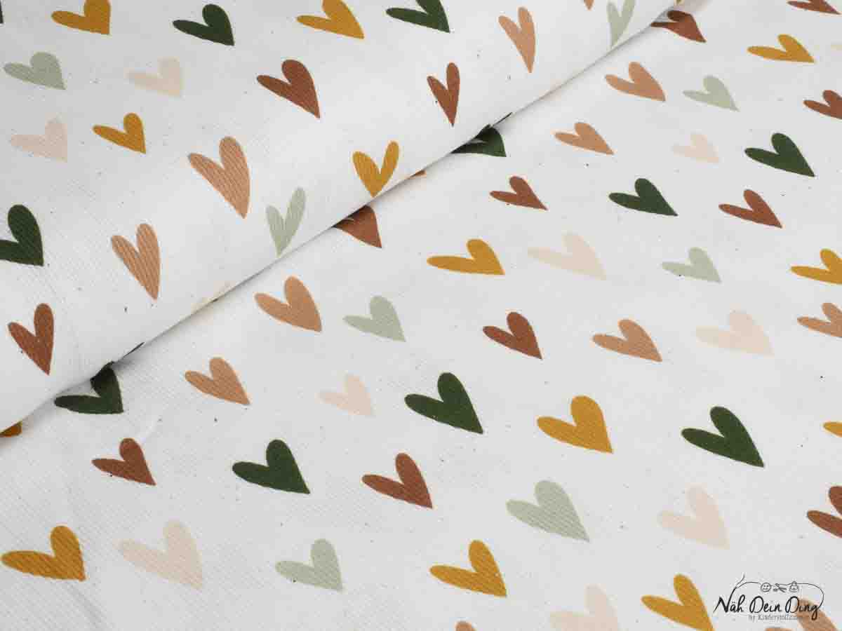 Gesprenkelter Rippjersey in weiß mit Herzen in Erdfarben.
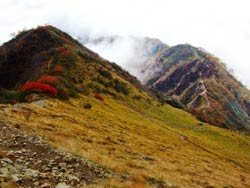 | 紅葉した遠見のやせ尾根 |
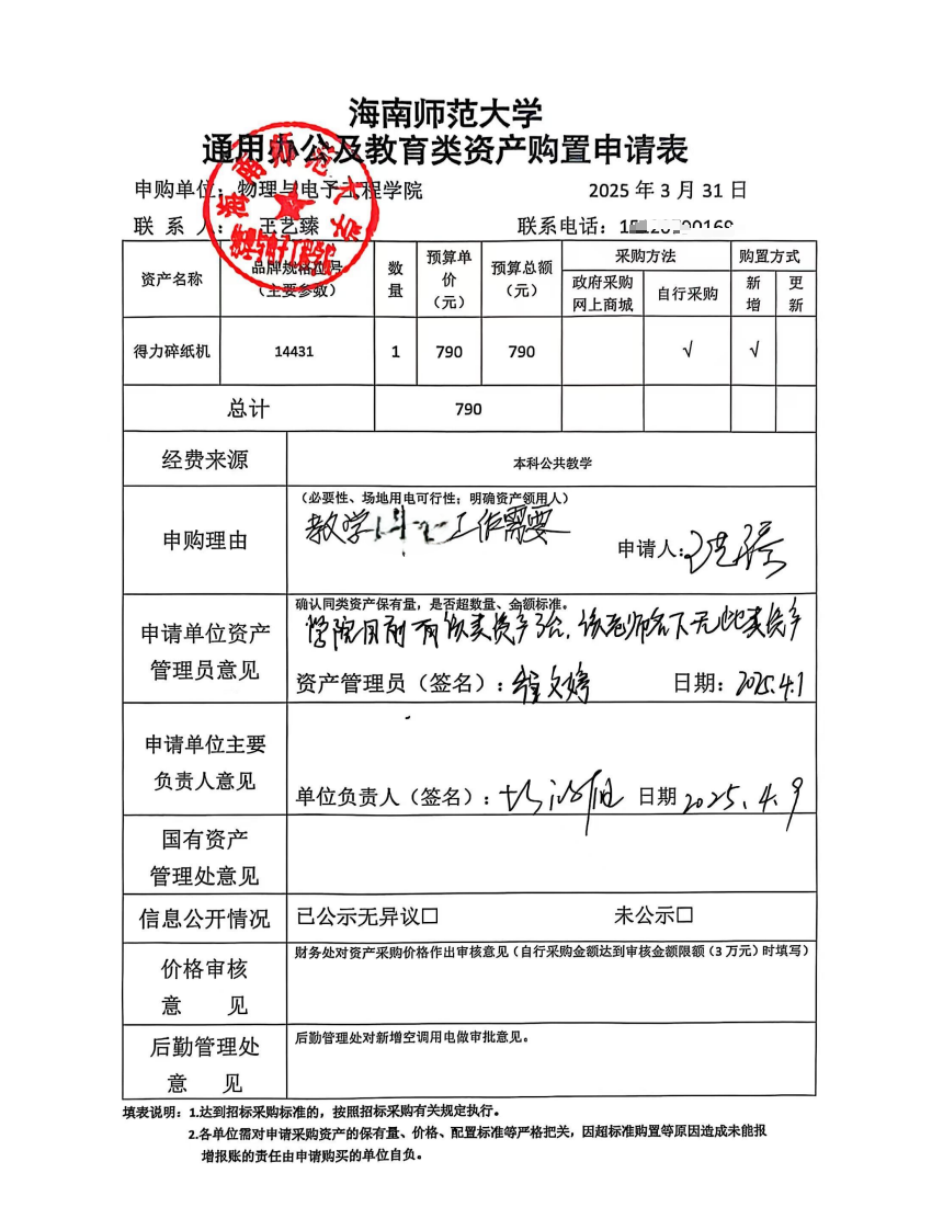 物理与电子工程学院王艺臻购买办公设备,公示如下,公示时间:2025年4月9日-4月14日。
+ + + + +
Drop the pictures, then repeat the material word for word.

 Gesprenkelter Rippjersey in weiß mit Herzen in Erdfarben.
 | 紅葉した遠見のやせ尾根 |
 物理与电子工程学院王艺臻购买办公设备,公示如下,公示时间:2025年4月9日-4月14日。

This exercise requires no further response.